Данные шести свидетелей были скрыты, но простая логика позволяла присяжным понять, что трое из них выступали как очевидцы, в разные дни приезжавшие в Токаревку вместе с Голаевым: Михаил Яшин (следуя логике суда, мы тоже изменили его фамилию), некий Алексей (по версии следствия, помогавший Голаеву совершить убийство), еще один совсем непонятный персонаж и девушка.
Когда секретный свидетель Лапин заговорил в суде из другой комнаты женским голосом, он не сильно удивил этим присяжных: им было уже ясно, что это та самая девушка и есть.
Назовем ее Оксаной — ей на самом деле угрожает опасность, хотя исходит она вовсе не от Голаева.
Оксана рассказала присяжным, что ездила в Токаревку один раз 14 мая, не очень понимая, зачем. Они приехали с Голаевым и еще одним человеком по имени Алексей около 20 часов, встали у ворот элеватора и просидели в «Солярисе» до 22 часов. Шел проливной дождь, а у Голаева за поясом был пистолет, который она даже нарисовала для присяжных, так как обнаружен он не был. В 22 часа Голаев и Алексей ушли в сторону дома Губарева и Найденко, а в 23 часа оттуда выехал джип, из которого выскочил Голаев и велел ей следовать за ним. Так они проехали километров двадцать, затем Голаев велел ей ждать на площадке у съезда к пруду, а сам с Алексеем уехал на джипе по грунтовой дороге дальше (но сам пруд в темноте Оксана видеть не могла и о цели этой остановки не знала).
Спустя какое-то время джип вернулся, и Оксана снова поехала за ним. У какого-то моста джип остановился, Голаев и Алексей скрутили с него номера и выбросили их под мост (в показаниях трекера этой остановки «Соляриса» нет). Следующую остановку Оксана сделала еще через десяток километров на шоссе до выезда к трассе Тамбов — Воронеж, из машины не выходила, а Голаев и «Алексей» на джипе проехали дальше в лесополосу, но вышли уже пешком и сели в «Солярис».
Кроме Лапина, для вызова в суд были заявлены секретные свидетели Королев, Павлов, Коровин, Парин и Свиридов, но последние трое не были допрошены. На следствии Коровин, не знавший карачаевского языка, на котором между собой говорили братья Голаевы, рассказывал, что якобы слышал разговор между ними о совершенном убийстве. Под фамилией Королев, очевидно давал показания Яшин. Целью поездок, со слов этих свидетелей, было вымогательство, и съезды «Соляриса» на боковые дороги также были связаны с этим.

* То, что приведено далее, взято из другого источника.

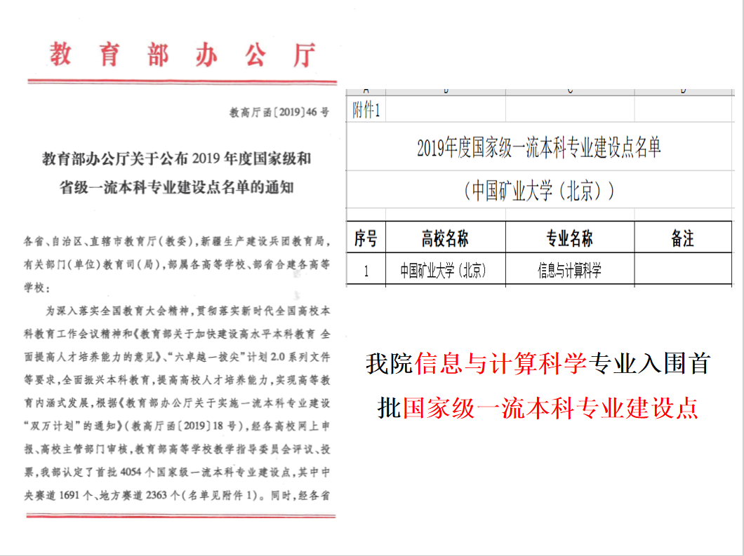 近日,教育部教高厅函[2019]46号文件公布了2019年度国家级和省级一流本科专业建设点名单,我院经过前期认真筹划和积极准备,最终信息与计算科学专业入选国家级一流本科专业建设点。

Королев-Яшин, показания которого были крайне важны, к этому времени был осужден как соучастник «вымогательства» и не мог выступать свидетелем на этом суде. Он должен был быть представлен присяжным как лицо, дело в отношении которого выделено в отдельное производство в связи с заключением досудебного соглашения. Такому «свидетелю» и вера другая, но присяжные разобрались, и мы тоже будем считать, что это «процессуальные мелочи» на фоне другого факта, а именно — показания всех свидетелей лишь частично совпадают с данным трекера «Соляриса», но в остальном целиком расходятся с объективной картиной убийства, совершенного в Токаревке в мае 2016 года.
Пятая поездка в Токаревку
Адвокат Кучмезов вступил в дело Голаева осенью 2019 года, когда тот был один раз оправдан, провел несколько месяцев на свободе, но был снова задержан (не явился в суд по повестке, которой он, по его утверждению, не получал), а дело снова поступило в Тамбовский областной суд.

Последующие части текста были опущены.